Strictly, every TCP packet has to be acknowledged as received and correct in an individual message sent back to the server,
I believe this is not fully correct. The TCP stack at the client and server handle some buffering and out of order re-assembly. For every packet received at the client, the TCP stack sends bacn an acknowledgement (ACK). If a packet is not ACK’d in time the sender will attempt to re-transmit until it gets an ACK for that specific packet.
Of course, there are limits and time outs, but this is the process handled most of the time for all TCP streams, until things get TOO bad to fix. What the client app (Netflix, Roon, etc.) does is try to buffer enough of the stream, say 10 seconds as an example, so that when these packets are delayed they don’t affect playback.
The TCP/IP stream may have built in resiliency, but it’s HIGH JITTER (i’m using this term metaphorically, not specifically. That is, if you loose 5 packets, or end up with packets taking 2 separate routs which means constant re-ordering this causes stuttering, or pauses in the network pipeline.
If you have ever started a large download and watched the progress bar you may have noticed that it seems to go quickly, then pause, then run again, then slow down.
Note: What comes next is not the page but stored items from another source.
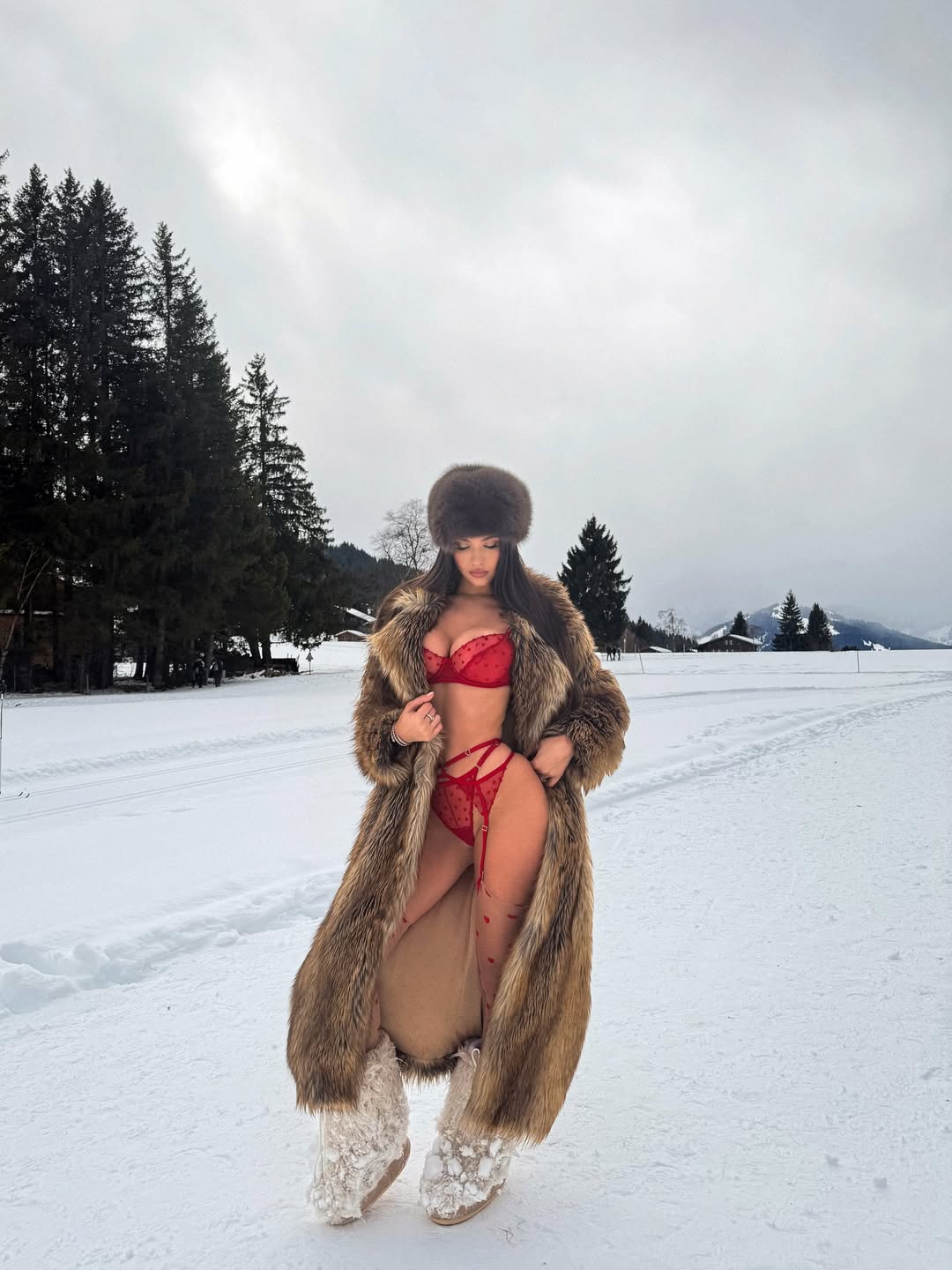 Në këtë postim, Oriola zgjedh të kombinojë sensualitetin me natyrën e ftohtë të dimrit, duke krijuar një kontrast që të lë pa fjalë. Duket sikur po i sfidon elementët e natyrës për të treguar se edhe në kushte ekstreme, shkëlqimi i saj nuk mund të zbehet.
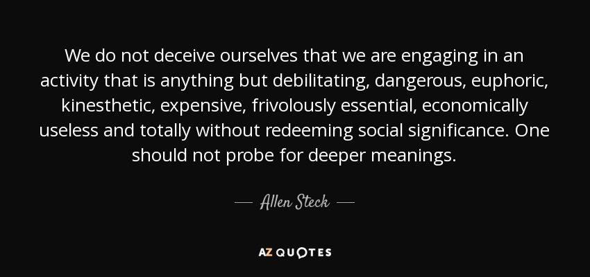 We do not deceive ourselves that we are engaging in an activity that is anything but debilitating, dangerous, euphoric, kinesthetic, expensive, frivolously essential, economically useless and totally without redeeming social significance. One should not probe for deeper meanings.
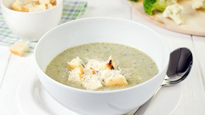 Broccoli-bloemkoolsoep met verse knoflookcroutons
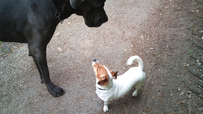 moet toegeven...het lukt haar niet altijd hoor om zo ontspannen te reageren op zo'n grote hond! haha
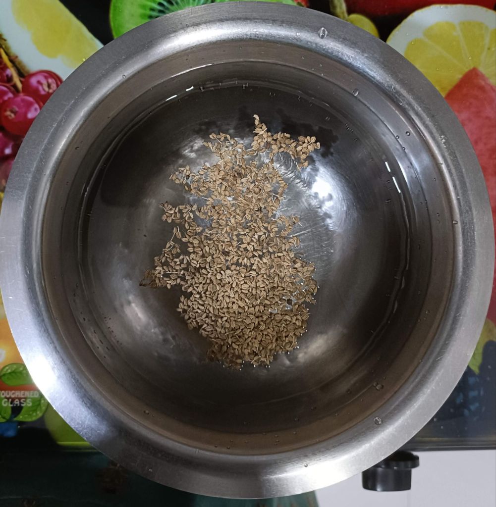 - In a sauce pan add water and Carum Seeds.
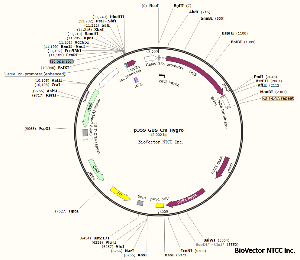 p35S-GUS-Cm-Hygro植物过表达载体 BioVector NTCC质粒载体菌种细胞基因保藏中心
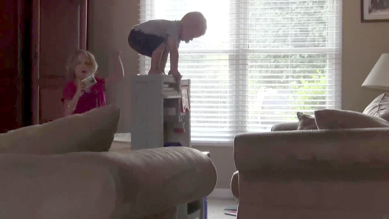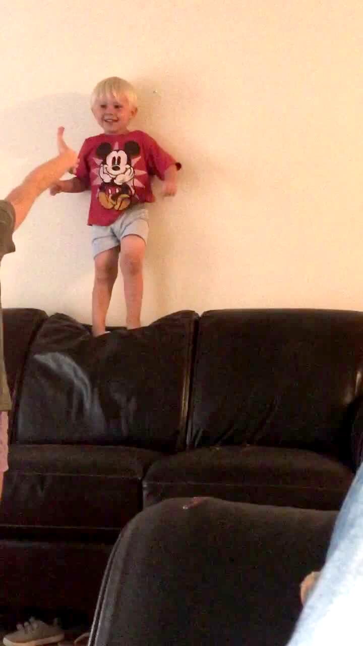 Tot boy climbs up on toy tool bench in living room, tries to jump on couch, comes up short and slams back into tool bench. Caucasian. UGC-EP experienced an error.

All this is being handled by the TCP layer for the most part, but you certainly don’t want to hear music or watch a TV stream like that.
The role of the client software buffers is to remove that network induced jitter, to to the human consuming the media it sounds and looks like one complete uninterrupted presentation.
When watching Hulu, or listening to Qobuz, a little delay at the start is preferable to stuttering, but when in a meeting, we want our video and audio in real time, and we're happier to simply loose packets than to wait for them to be reassembled. That's why there's a difference in TCP vs. UDP for media playback.